Object retrieved from ocean on East Beach remains a mystery
Westerly — It might be part of NASA's Lunar Lander, a nautical instrument that defies identification or a sign of the impending arrival of aliens.
But no clear answer emerged from the ocean alongside the pieces of a twisted, barnacle-speckled metal object that had been buried under sand and water at East Beach.
"It's a mystery, it hasn't been solved," said Peter Brockmann, president of the East Beach Association, which led the effort to remove the object.
A crowd of locals staked out spots on the sand early Thursday morning, swapping their own theories and watching as a crew from Sacco Enterprises Inc. drove an excavator into the breakers to retrieve the object.

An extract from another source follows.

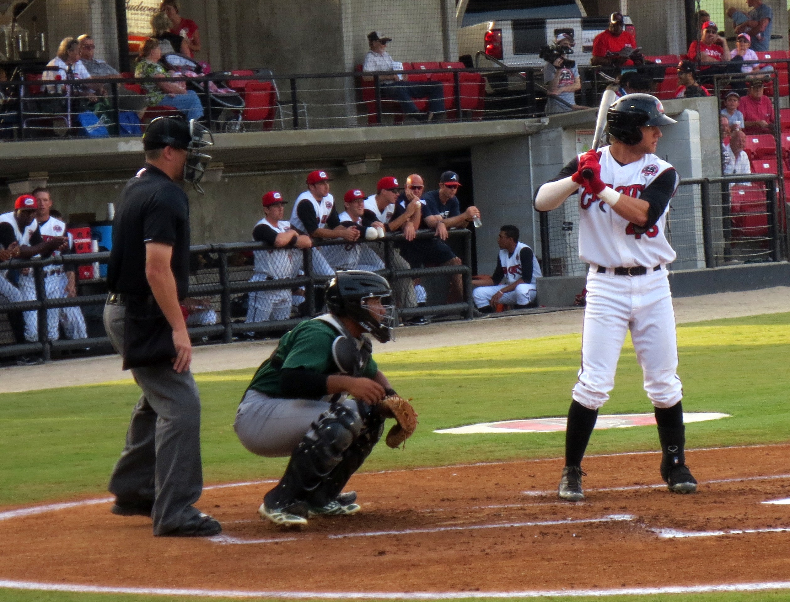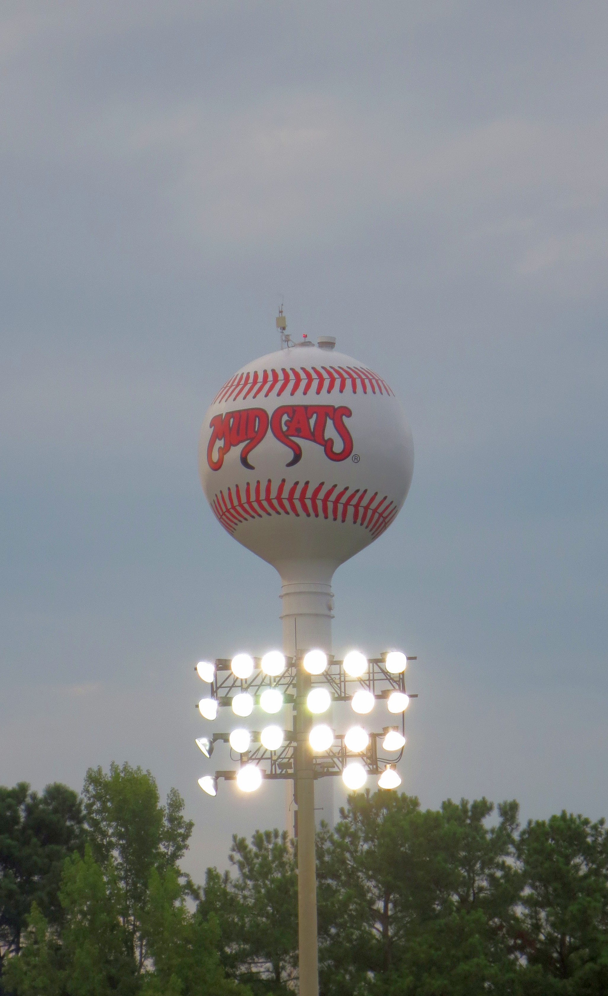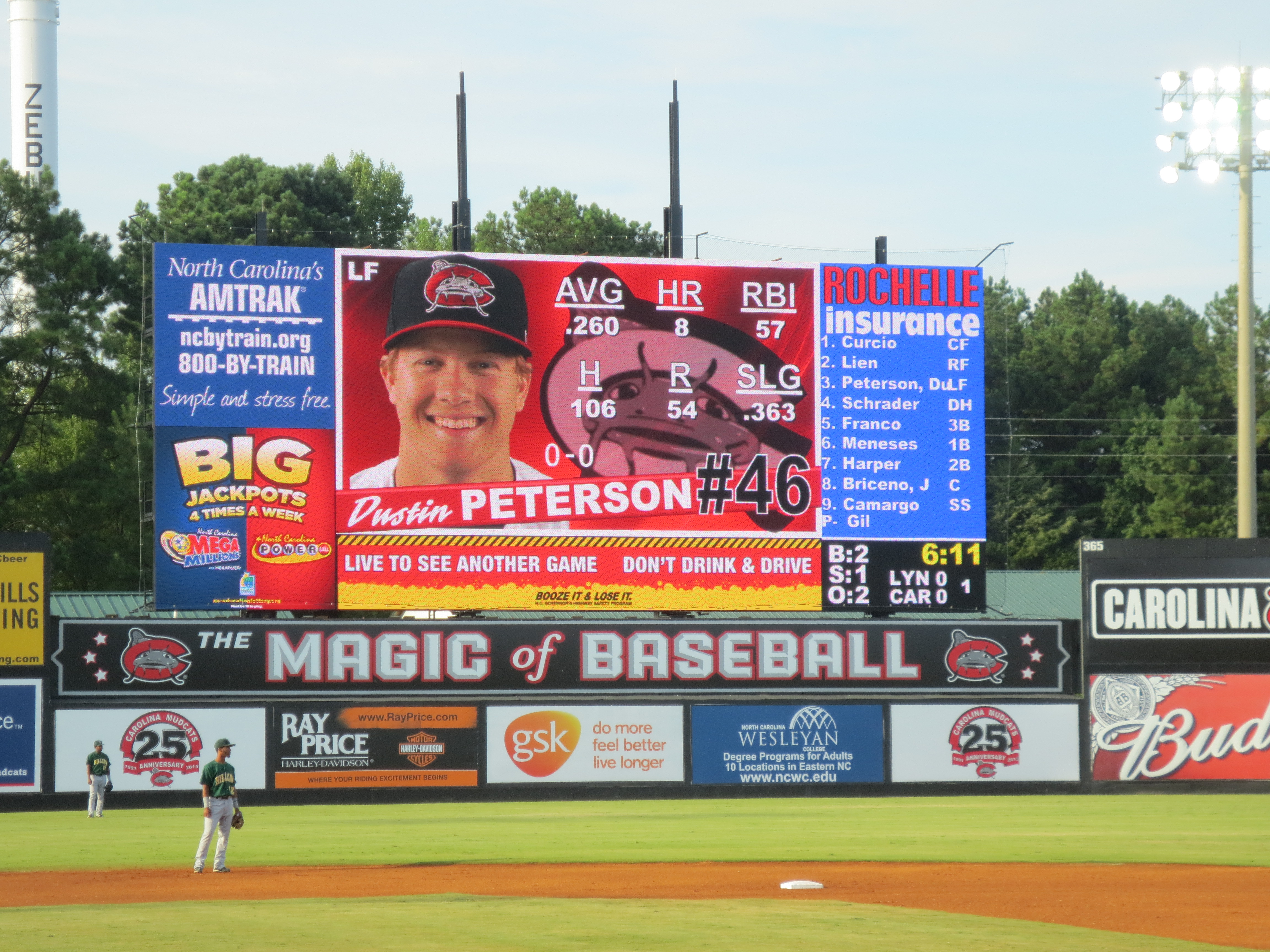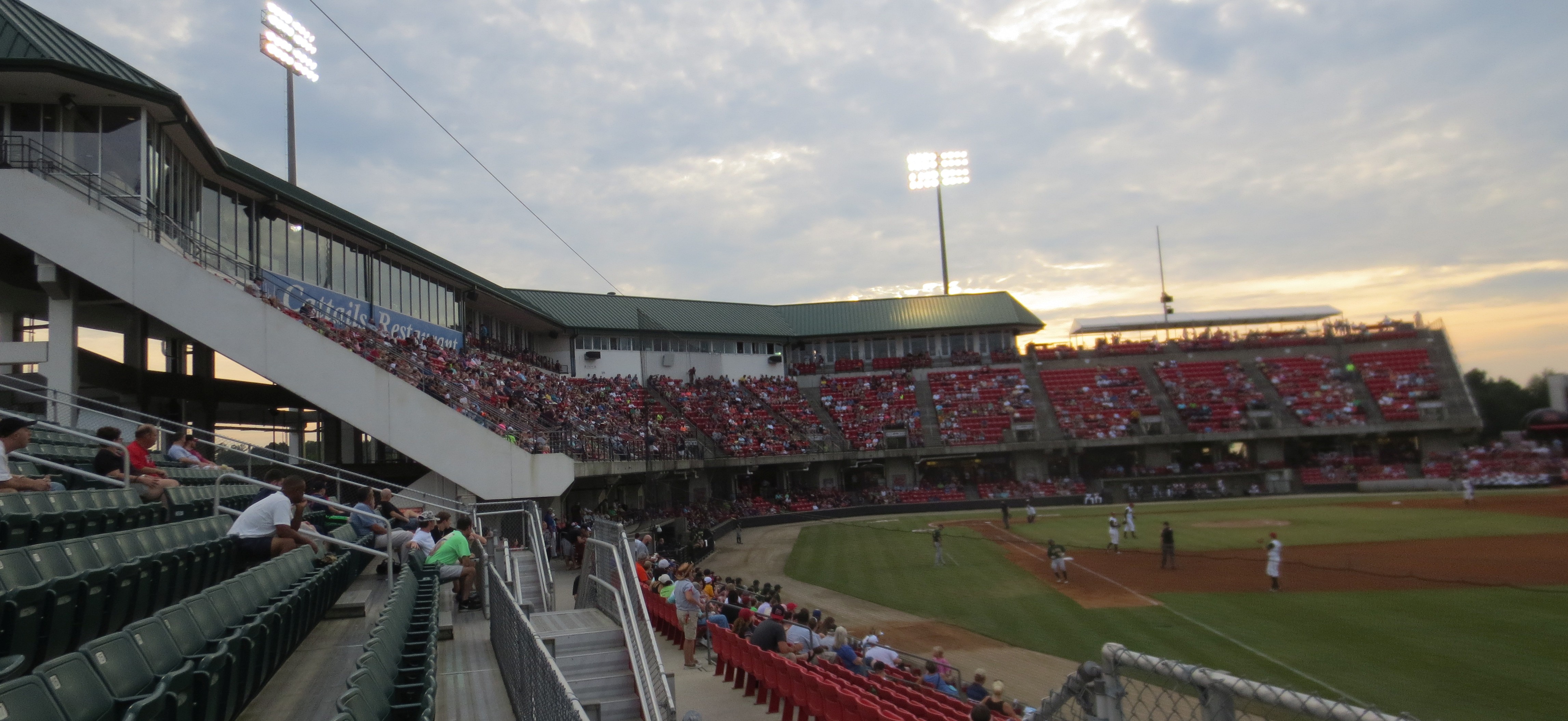 A beautiful night to end a beautiful stretch of games all across North Carolina this week, with no humidity and a large crowd at Zebulon’s Five County Stadium, where the Carolina Mudcats took on the Lynchburg Hillcats. Five County will not win any beauty pageants — it has the feel of a Brutalist-period fallout shelter and is the only stadium I’ve visited in which some of the premium seats have an obstructed view — but because of the angle of the second level, there does not appear to be a bad upper-deck seat in the house. A tightly-sloped deck ensures that even the nosebleed fans are close to the action, and it is hard to top the Cattails Restaurant at the top of the stadium — an upscale spot with a full menu, linen tablecloths, and a panoramic view of the game. Plus, the in-your-face post-game fireworks rivaled even Durham’s powerful display.

The unidentified object had captivated the imaginations of residents here after a blurry picture of what turned out to be a small piece of it was published in The Westerly Sun, sparking speculation about what it could possibly be.
"I bet it fell off a ship," said Bill Colprit, a Westerly resident who stood in the crowd watching the pieces pile up.

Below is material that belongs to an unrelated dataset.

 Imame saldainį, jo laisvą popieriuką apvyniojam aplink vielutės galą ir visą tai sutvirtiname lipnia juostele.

Some spectators chose to embrace the mystery. Westerly residents Gus Kellogg, 12, arrived at the beach with his dad, Charley Kellogg, and carried a sign that said "I ❤ Aliens."
An avid science fiction fan, Gus Kellogg said he believed the aliens probably look like the creatures from the Netflix show "Stranger Things."
"Hopefully, (this) will put Westerly on the map," Gus Kellogg said.
Gus and Charley Kellogg went out into the water earlier in the week to take a look but couldn't see anything under the sand, Charley Kellogg said. As the pieces came ashore, Gus Kellogg examined them and concluded the object "seems to be some sort of alien landing device."
David Roth, whose property abuts the beach next to where the object was found, said he's had people ask him if he used any machinery on his property that somehow ended up in the ocean.
For his part, he speculated it was leftover from work that the National Oceanic and Atmospheric Administration did off the coast a few years ago. "I think it's something to do with an NOAA instrument," he said.
Despite the rapid pace of speculation, removing the object was a slow process. The plan, according to Pete Sacco of Sacco Enterprises, was to dig around the object and try to haul it out of the deep sand with a chain.
A few residents anchored boats in the shallow water to catch a glimpse of the work.
But as the excavator fought the sand and surf, retreating from high waves a few times, it became clear that the object was "much wider than we thought," Brockmann said.
Back on the beach, he and others speculated how the pieces might fit together and worked to assemble their best guess. Officers from the Westerly Police Department stood by, making sure the curious onlookers didn't get too close when the excavator dropped off pieces.
It appeared to have eight aluminum or stainless steel legs, each three or four feet long, which elevated a hub a few feet off the ground.
Many had speculated that the object was the mount to an Acoustic Doppler Current Profiler, which organizations like the NOAA use to measure ocean currents at different depths. The mount is usually mounted to the seafloor, and could have become dislodged at some point.
But even two scientists at the University of Rhode Island said after looking at the whole thing, it's less likely.
The mounts usually are kept very close to the ground to ensure they can measure as much water as possible, said John King, a professor of oceanography at the University of Rhode Island's Graduate School of Oceanography.
"I really have no idea," King wrote in an email.
Gus and Charley Kellogg were skeptical, too.
"I think it's very far-fetched ... why would an alien leave an NOAA device?" Charley Kellogg said.